My efforts in this area are both internal and external. Internal in that I have to be willing to explore all the fears, insecurities and attachments that are within me that might block a clear union – and there are a few and they are more well-entrenched than I had previously thought. And then there is the “lab” part of this challenge – the interaction with the different women brought into my life to share and grow with – to assist me in revealing these fears, insecurities and attachments. Though it might be thought that this is the “fun” part of the effort – and sometimes it is – it can veer into pain for one or both of us as it becomes clear that we were brought intensely together for only a brief period – to learn from each other, to love each other, to become friends but not mates.
Like all of us, I don’t like the pain inherent in this challenge but what great challenge doesn’t involve pain. If it didn’t, it wouldn’t be a challenge. Some challenges offer financial, mental and/or physical pain. In this challenge, it’s all mental and emotional. However, it’s the only way. In every area of our lives, it is our fears and attachments that block our Creator’s gifts to us. I believe that our Creator wants us to have a loving mated relationship or She would not have instilled an almost Universal desire to have one in Her children. The fact that there have been so few expressing during this “dream of separation” is not because it is impossible to create but we are blocking its creation as we continue our noble but difficult struggle to awaken from this dream. (to be continued)
Part 3 February 16
Conscious Dating & Mating
I think it will be very difficult to create a new-paradigm, love-based romantic partnership unless BOTH people have successfully interpreted their past relationships. If either partner is still unwilling to realize and embrace that every relationship in our life is a blessing to help in our spiritual growth, then most likely they will still be wedded to old-paradigm thinking and relationships. If they view one, a few or many of their past romantic unions as random bad luck or as a punishment for their or another’s flaws or misdeeds, or if they believe themselves to be a victim of another, then they might not yet be ready to create a love-based union.

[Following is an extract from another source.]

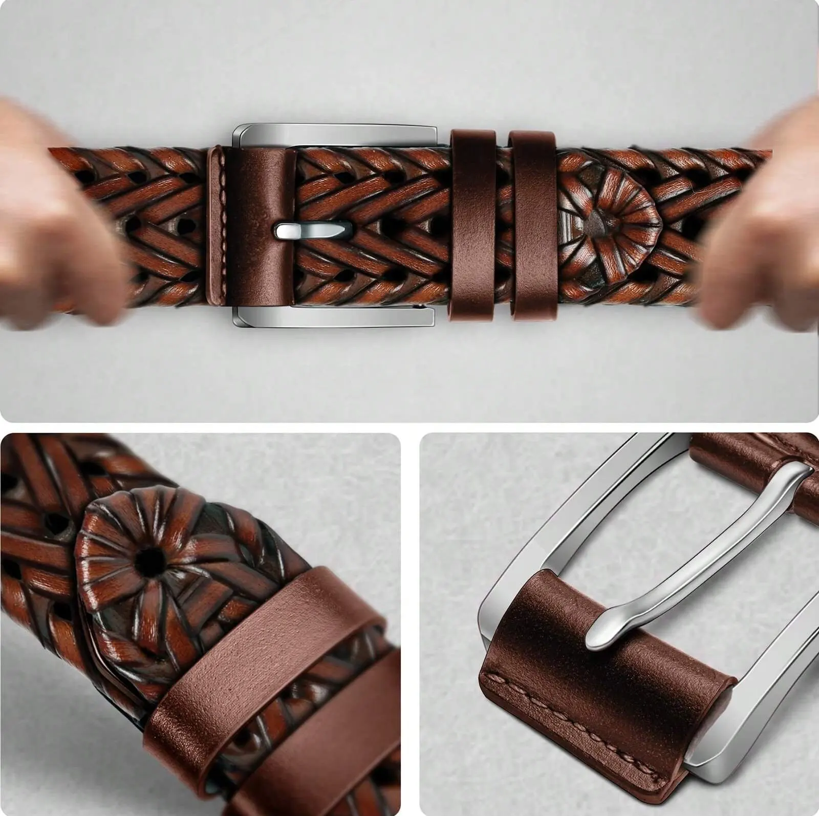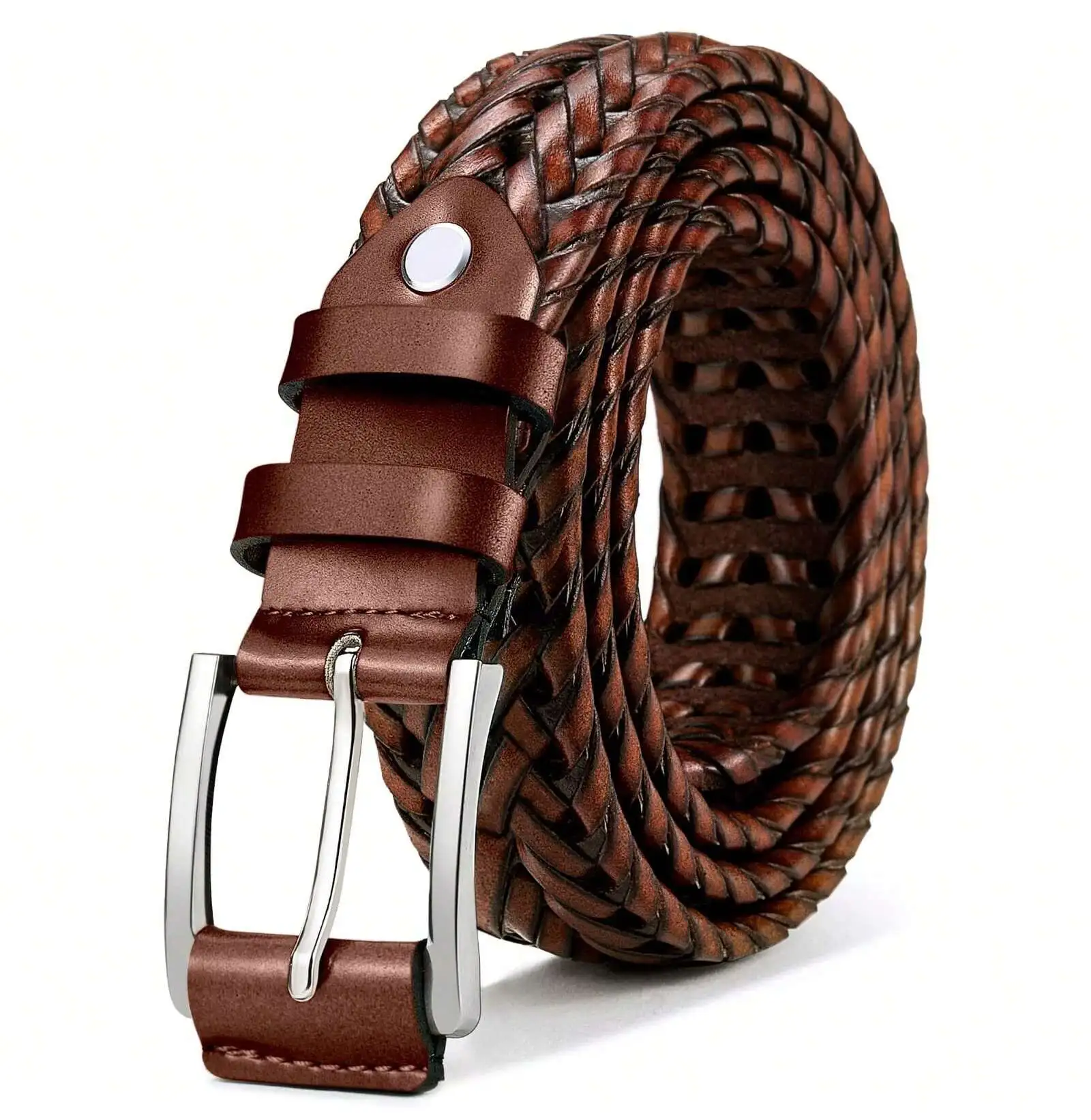 This braided leather belt features a flexible woven design that allows the buckle to fasten at any point along the strap—delivering a fully adjustable fit tailored to your waist. Perfect for everyday wear with jeans, chinos, or even golf attire.

I think we need to view all past attempts in this area of our lives, no matter how painful or messy, as holding yet another piece of the puzzle, another opportunity to ask ourselves “Why did I create this in my life? What unhealed part of myself was needing to be healed?” In many relationships in our lives, in a blood family and even in our workplace relationships, it is not immediate clear that we have chosen them, that we have created them. We seem to have inherited them – – for better or for worse – with no conscious choosing on our part. But even in these relationships, our soul chose them before our incarnating.
However, there is no escaping the truth that in our romantic life we have made a conscious choice to get involved with certain people. This choice is complex, stemming from our inner psyche – both the healed and unhealed parts. We do not have judge ourselves for having created such pain in the past but rather to understand that we are given unlimited opportunities to reveal our own fears, insecurities and attachments so that we might understand them and free ourselves from them and create the more lovingly, peaceful and connected unions we have all sought.
Often this involves understanding our feelings of unworthiness, that we should always give love but only hope for – and not expect – love in return. In creating a new-paradigm union, both partners need to be able to BOTH give and receive love. If it is a one-way street, it’s still the old-paradigm.